The request is part of a 12-page white paper submitted to the Office of the National Coordinator for Health Information Technology by Bradley Merrill Thompson, an attorney with Epstein Becker Green and the legal counsel for the mHealth Regulatory Coalition. The ONC is seeking public comments as it prepares to develop a health information technology regulatory framework with the FDA and Federal Communications Commission.
The paper, titled "Enhancing Innovation in e-Health through a Systems Approach to Regulation: A Blueprint for FDA Modernization," calls for the FDA to "modernize its regulatory approach to embrace the fact that we are witnessing a transformation of the medical technology landscape from one shaped by individual, discrete products to a new era of complex, connected diagnostic and therapeutic systems that deliver holistic care."
The white paper submitted in August by Epstein Becker & Green urges the various agencies involved to work together.
"Having multiple agencies overseeing a particular industry creates a substantial risk of throwing sand in the gears of innovation through duplicative and disjointed regulation. It can be very hard to serve two masters, let alone three," the paper stated. "In the case of e-health, the government didn't set out to have multiple agencies regulating product development, but through the convergence of the technology, FDA, ONC and FCC can all now find themselves regulating the same products."
The paper goes on to say that "coordination among the three agencies is essential."
In the case of the FDA, the white paper argues that the agency "needs to provide clarity and predictability with regard to the types of health IT the agency regulates, and for any software that is regulated, the classification."
On Sept. 4, the workgroup created by the FDA Safety Innovation Act of 2012 (FDASIA) legislation submitted its long-awaited final recommendations to the ONC Health IT Policy Committee.
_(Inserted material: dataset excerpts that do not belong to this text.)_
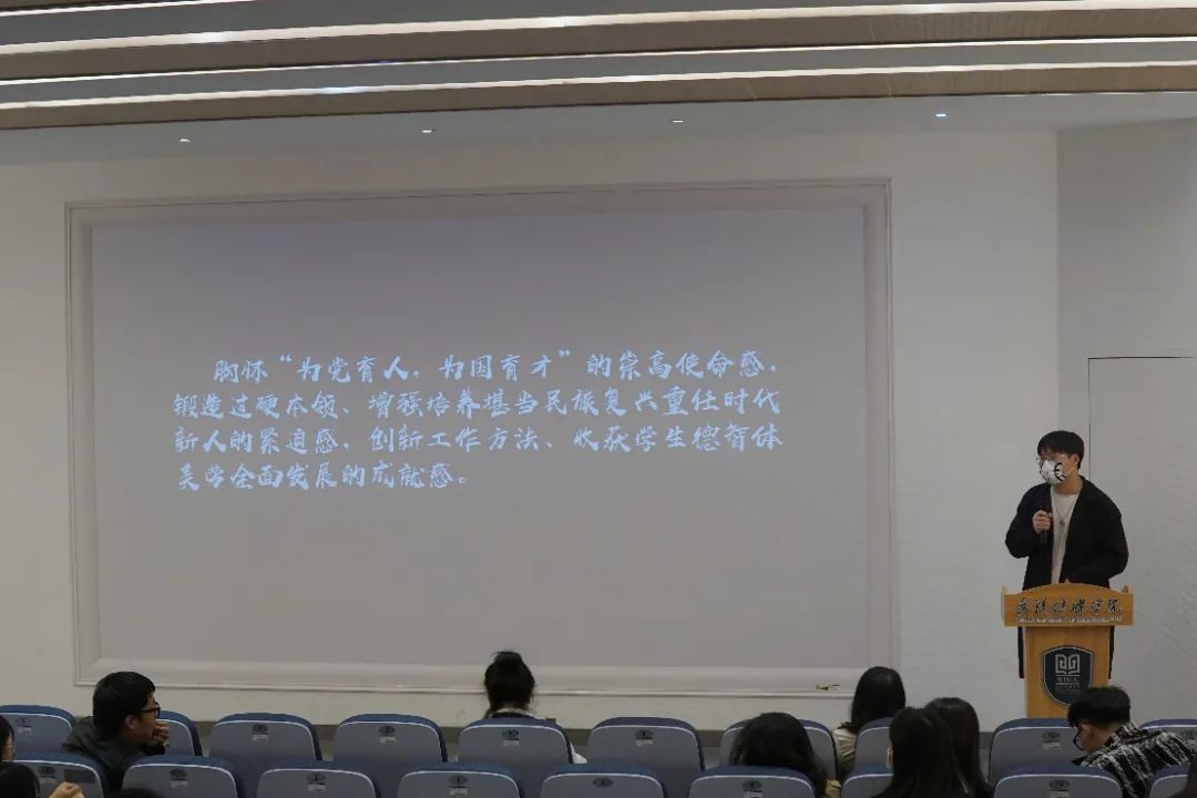 最后,王老师对《高等学校辅导员职业能力标准(暂行)》九大职业功能作了详细的阐述,使各辅导员对自我身份与“教师”角色有了更明确的理解和更清晰的认知。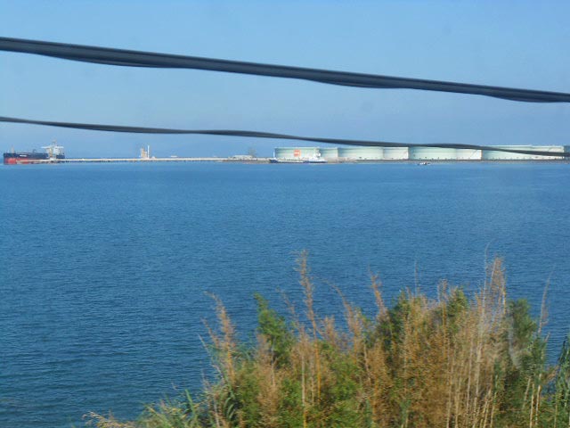 …車窓からも、巨大な石油タンクと接岸してるタンカーが見えました。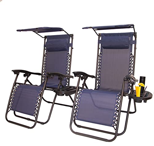BTEXPERT - كرسي زيرو جرافيتي للاسترخاء في الخارج وحمام السباحة والفناء والشاطئ والحديقة وحاملة للأكواب من بتكسبيرت CC5044BLU-2، قطعتين، أزرق مع شمسية، سبيكة صلب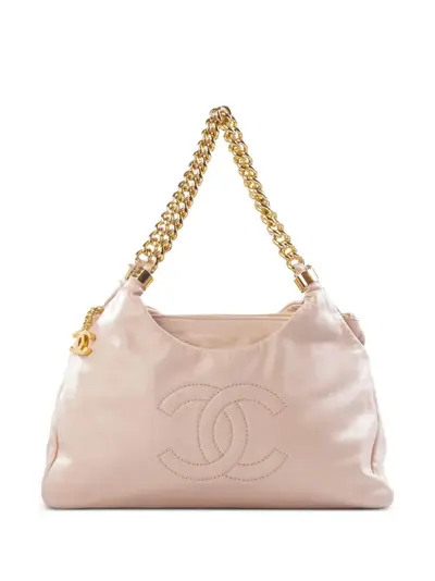 circa 2009 light pink satin logo charm signature stitched interlocking CC logo two chain-link shoulder straps partitioned compartment zip-fastening compartment Condition: GOOD. This previously owned and used item is in good condition with minimal signs of use. This may include fading of material or plating and scratches.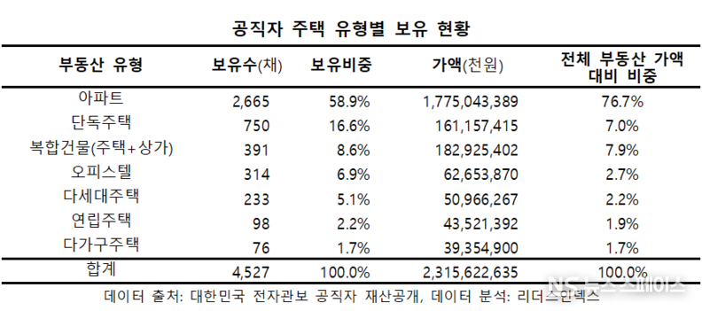 주택 유형별로는 아파트 비중이 단연 컸다. 전체 4527채 중 아파트는 2665채(58.9%)로 절반을 훌쩍 넘겼으며, 가액은 1조7750억원(76.7%)에 달했다. 이어 단독주택(16.6%), 복합건물(8.6%), 오피스텔(6.9%), 다세대·연립·다가구주택(합계 9.0%) 순이었다.

HHS is now slated to work with the ONC, FDA and FCC to draft a report made from the recommendations to inform Congress on proposed strategies for regulating HIT, including mobile technology.
In a Sept. 6 blog, Robert Jarrin senior director of government affairs for Qualcomm, Inc., said Qualcomm hopes FDA will publish final mobile medical applications guidance as soon as possible. "The FDASIA Workgroup has independently delivered its final recommendations recognizing the importance of expediting guidance on HIT software, mobile medical apps and related matters" and "I could not agree more," Jarrin said.
Janet M. Marchibroda, director of Health Innovation for the Bipartisan Policy Center notes the workgroup's first draft of recommendations issued earlier this summer indicated that substantial additional regulation of health IT beyond what is currently in place is not warranted, with the exception of medical device data system, medical device accessories, certain forms of high-risk clinical decision support, and higher-risk software use cases.
"The draft report appropriately does not specifically define which agencies or organizations should carry out various aspects of the new framework," Marchibroda said.
The Sept. 4 recommendations from the FDASIA workgroup, along with public comments that were received by Aug. 31, in response to an HHS formal FDASIA Request for Comments on the Development of a Risk-Based Regulatory Framework and Strategy for Health IT, are expected to help HHS write its report for Congress, expected by January 2014, Marchibroda said.